> Assignment:
Would you transcribe the whole listing exactly and drop its images?

> Supplied information:
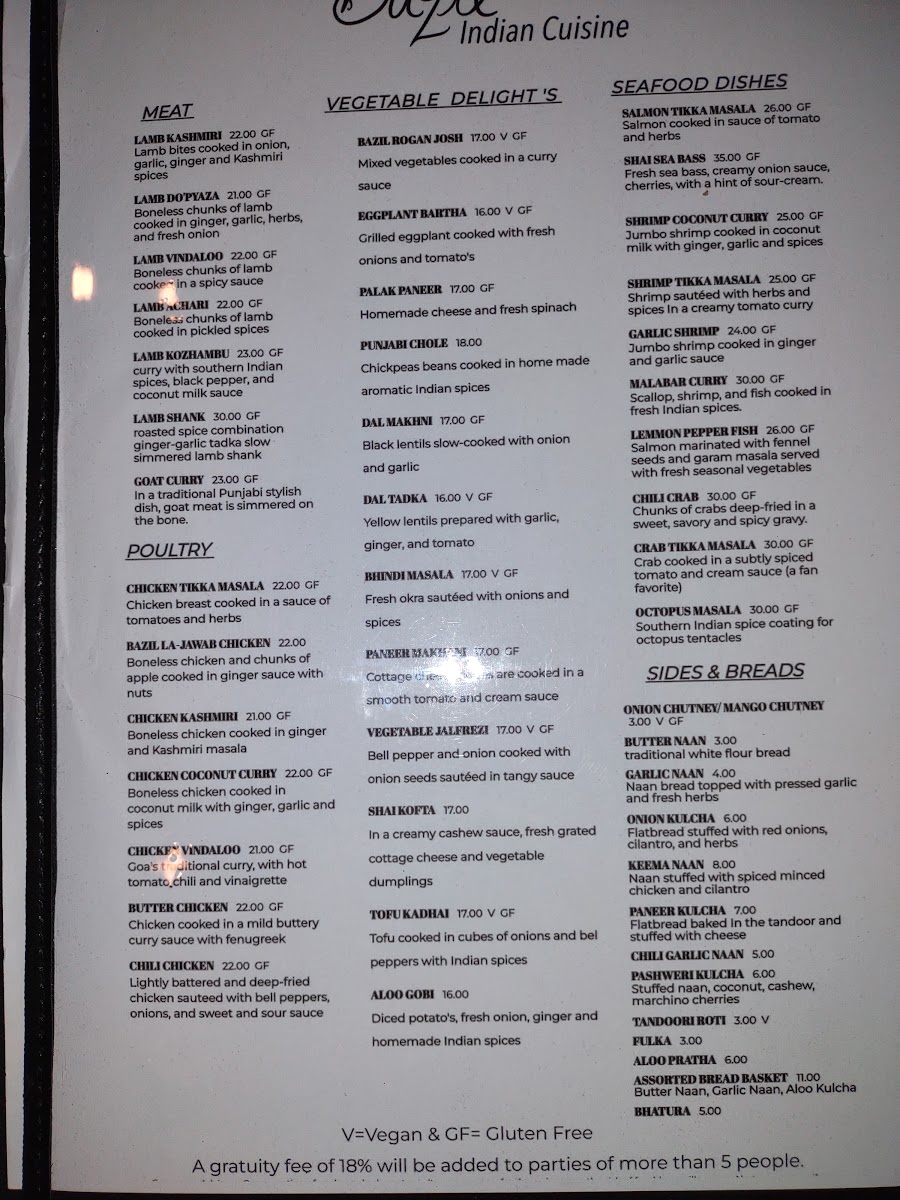 Tandoori chicken, salmon, lamb, shrimp, & seasonal vegetables. Gluten Free.
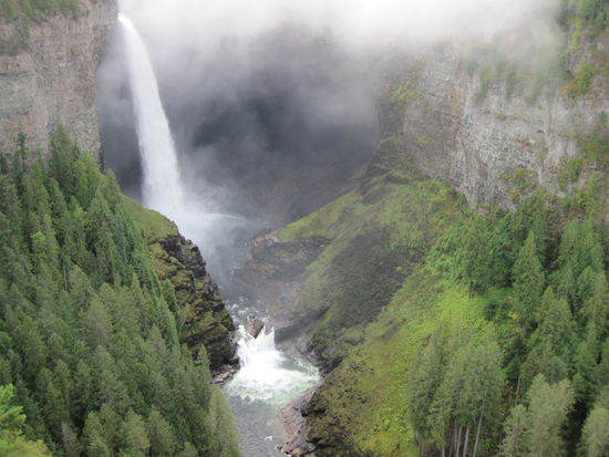 Die Helmcken Falls sind noch bekannter, hier etwas im Frühnebel.
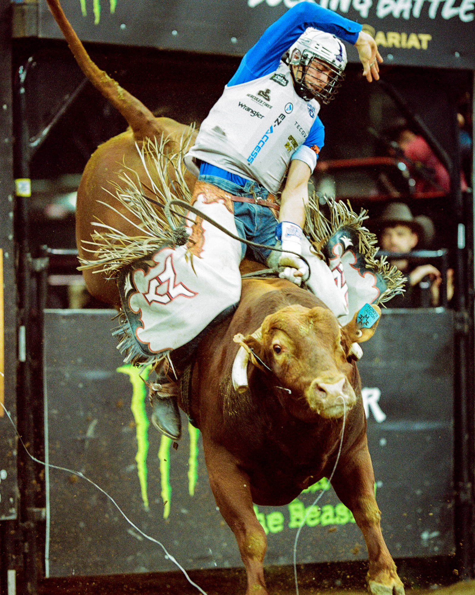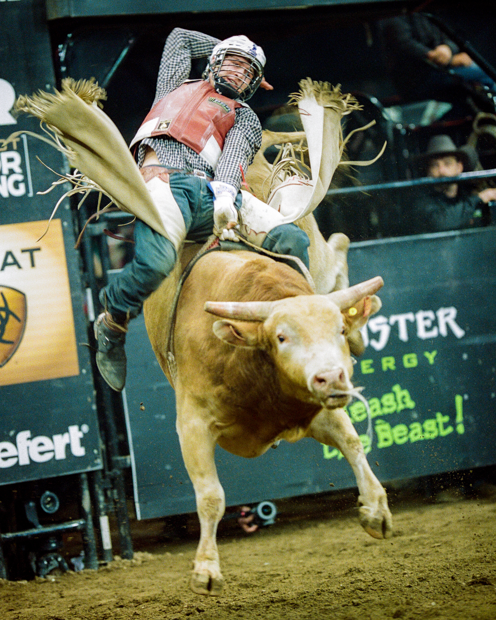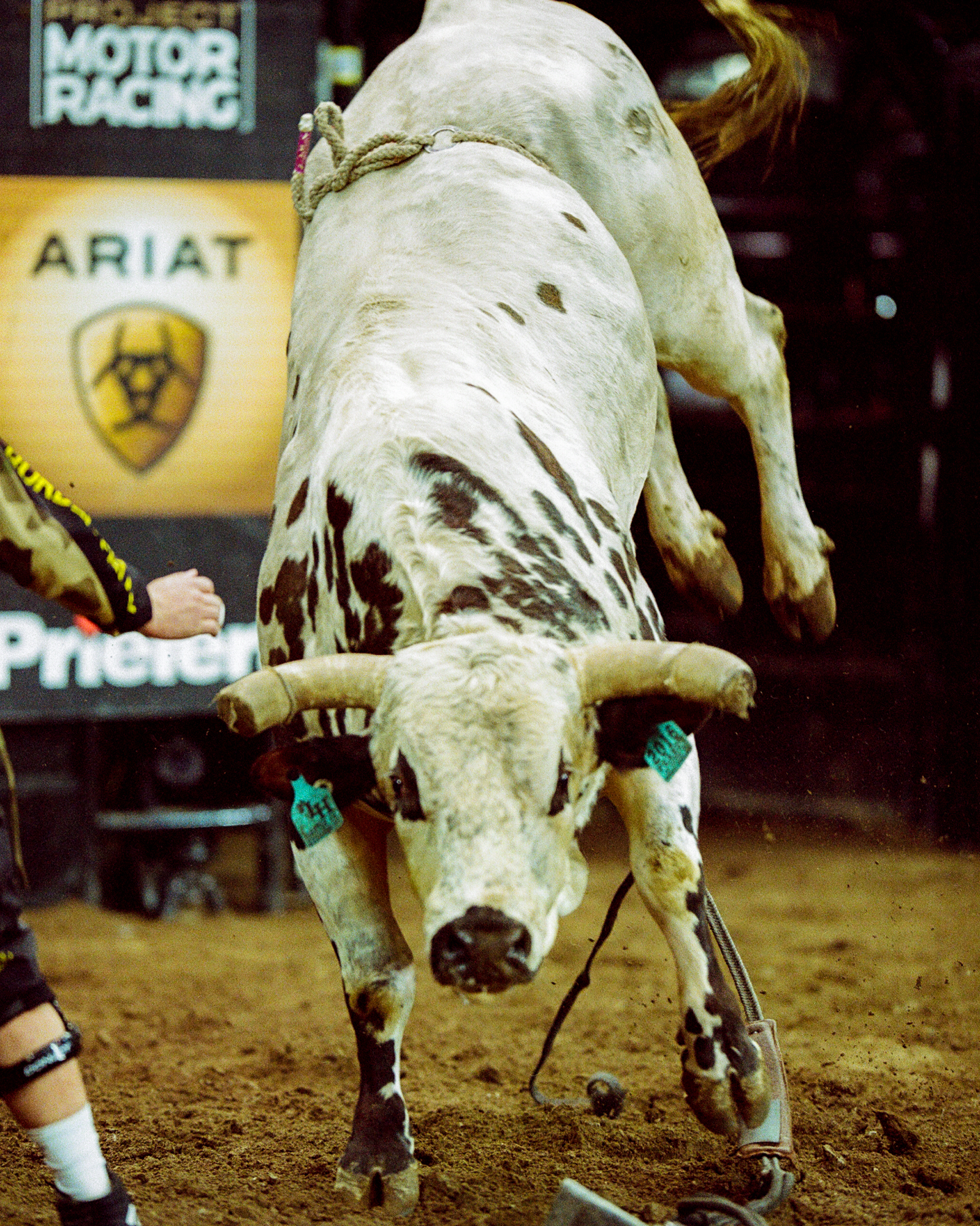 The top forty bull riders in the world are each competing for the weekend’s grand prize: forty thousand dollars and a sterling silver belt buckle. The rules are simple. A rider must remain mounted for eight seconds to earn a score. The relationship between rider and bull is not purely adversarial. There’s the careful touch of a rider’s hand against the bull’s back. The pause before the gate opens. The way the arena seems to inhale when man and animal meet. Despite the intensity of the spectacle, the crowd remains buoyant, there to experience the match of cowboy and beast, and to have a few cold beers while they are at it. The best rides require a strange, fleeting collaboration between rider and bull.

> Solution below:
 Tandoori chicken, salmon, lamb, shrimp, & seasonal vegetables. Gluten Free.
 Die Helmcken Falls sind noch bekannter, hier etwas im Frühnebel.
 The top forty bull riders in the world are each competing for the weekend’s grand prize: forty thousand dollars and a sterling silver belt buckle. The rules are simple. A rider must remain mounted for eight seconds to earn a score. The relationship between rider and bull is not purely adversarial. There’s the careful touch of a rider’s hand against the bull’s back. The pause before the gate opens. The way the arena seems to inhale when man and animal meet. Despite the intensity of the spectacle, the crowd remains buoyant, there to experience the match of cowboy and beast, and to have a few cold beers while they are at it. The best rides require a strange, fleeting collaboration between rider and bull.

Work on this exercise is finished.